The solution is also correct. The tricky part is that the source voltage of N1 is not fixed. P1 and P2's source voltages are fixed at \$V_{DD}\$, and N2's is fixed at ground. But only N1's gate voltage is fixed -- the other two terminals both vary based on the circuit conditions. Let's consider every possible situation for N2.

  1. \$V_G = V_{in1} = 0 \mathrm V\$. Since 0V is the lowest available voltage in the circuit, \$V_{GS}\$ can never be greater than zero. Thus, N1 must be off. P1 is on, so \$V_D = V_{DD}\$.

    • If N2 is on, \$V_S = 0 \mathrm V\$.
    • If N2 is off, \$V_S\$ floats, and its voltage is unknown.\$^2\$

  2. \$V_G = V_{in1} = V_{DD}\$. Now it's possible for N1 to be on.

    • If N2 is on, \$V_S = 0 \mathrm V\$, which means \$V_{GS} = V_{DD}\$, so N1 is on. As a consequence, \$V_{DS} = 0 \mathrm V\$, so \$V_D = 0 \mathrm V\$ too.
    • If N2 is off, then P2 is on and \$V_D = V_{DD}\$. But \$V_S\$ is not fixed, so we don't know whether N1 is on or off. Let's think about both cases.
      • If N1 is on, \$V_{DS} = 0 \mathrm V\$. This means \$V_S = V_{DD}\$. But that would mean \$V_{GS} = V_{DD} - V_{DD} = 0 \mathrm V\$, which implies that N1 is off. Contradiction! So this can't be right.
      • If N1 is off, \$V_S\$ is floating again. But any voltage below \$V_{DD}\$ will mean \$V_{GS} > 0\$, which turns on the transistor and raises \$V_S\$. So the only stable state is \$V_S = V_{DD}\$.

Sometimes this guess-and-check method is the easiest way to solve a problem, which is why the solution used it.

\$^1\$ I'm only talking about DC here. A time-varying model of this circuit would include the parasitic capacitances of the MOSFETs. \$V_{DS}\$ would also be limited by the body diodes. Also, I'm ignoring the threshold voltage.

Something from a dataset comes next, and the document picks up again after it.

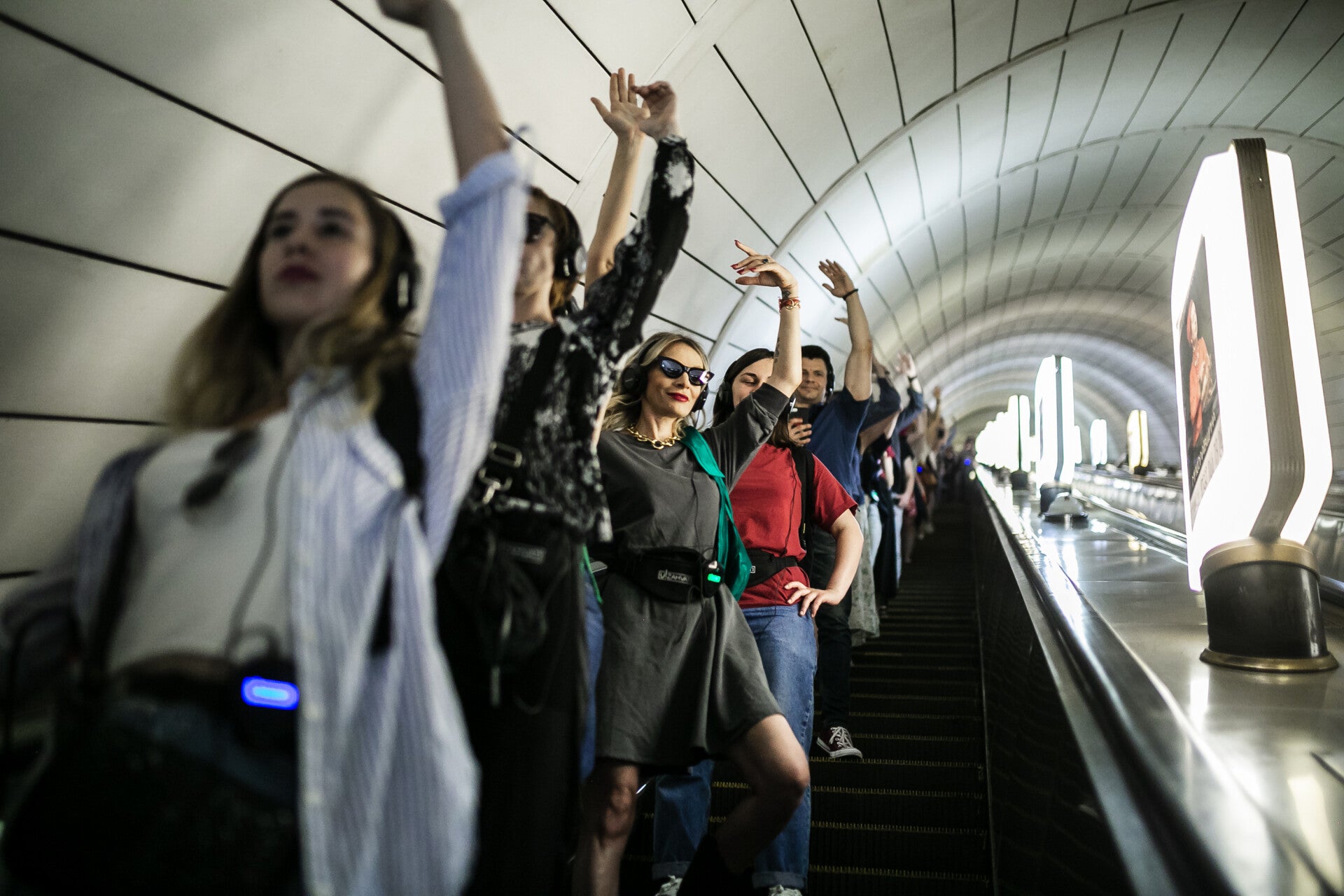 Our piece was inspired by a mix of sci-fi films, apocalypse narratives, and immersive performance structures. As we kept developing the work, I became especially interested in the relationship between time travel, public space, infection, surveillance, and guided audience movement. I wanted our performance to feel like the audience had stepped inside a system that was already in motion, where they were not just watching a story, but being moved through it. Some of the strongest inspirations for this project came from film and performance works that helped shape the visual world, the timeline logic, the infection theme, and the headphone-based structure of the piece.
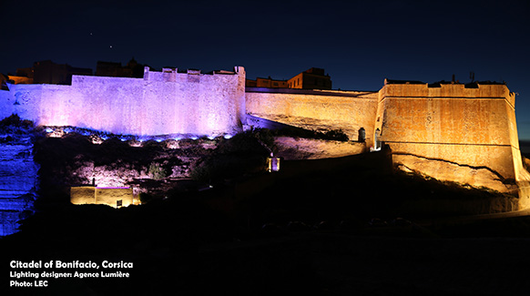 Ab sofort setzen bei Einbruch der Dunkelheit die 200 LED-Projektoren von LEC, darunter der 4660-Corsica, die gesamte Zitadelle in Szene und lassen einen neuen dreidimensionalen Effekt dieses majestätischen Ortes entstehen.

\$^2\$ Again, the real voltage would be limited by the body diodes and parasitic capacitance. Leakage current would also play a role.

UPDATE: You asked two follow-up questions in the comments:

So to clarify, I can use the reasoning that because P1 is off, id = 0, and this is the same current flowing through N1, which automatically means N1 is off when Vin1 = Vdd right?

This is wrong in two ways. First, N1's drain is connected to both P1 and P2. (The PMOSFETs are in parallel.) So P1 being off does not imply that N1's current is zero. It is zero in this case, but that's because of N2, not P1.

Second, a current of zero does not mean that N1 must be off! In CMOS logic, there is (ideally) never any DC current! A MOSFET is on when there's a conductive channel between the drain and source due to the gate voltage. This is called "channel inversion".

Also, I am still slightly confused. If a mosfet is in cut-off, is it safe to assume Vds/Vsd = 0?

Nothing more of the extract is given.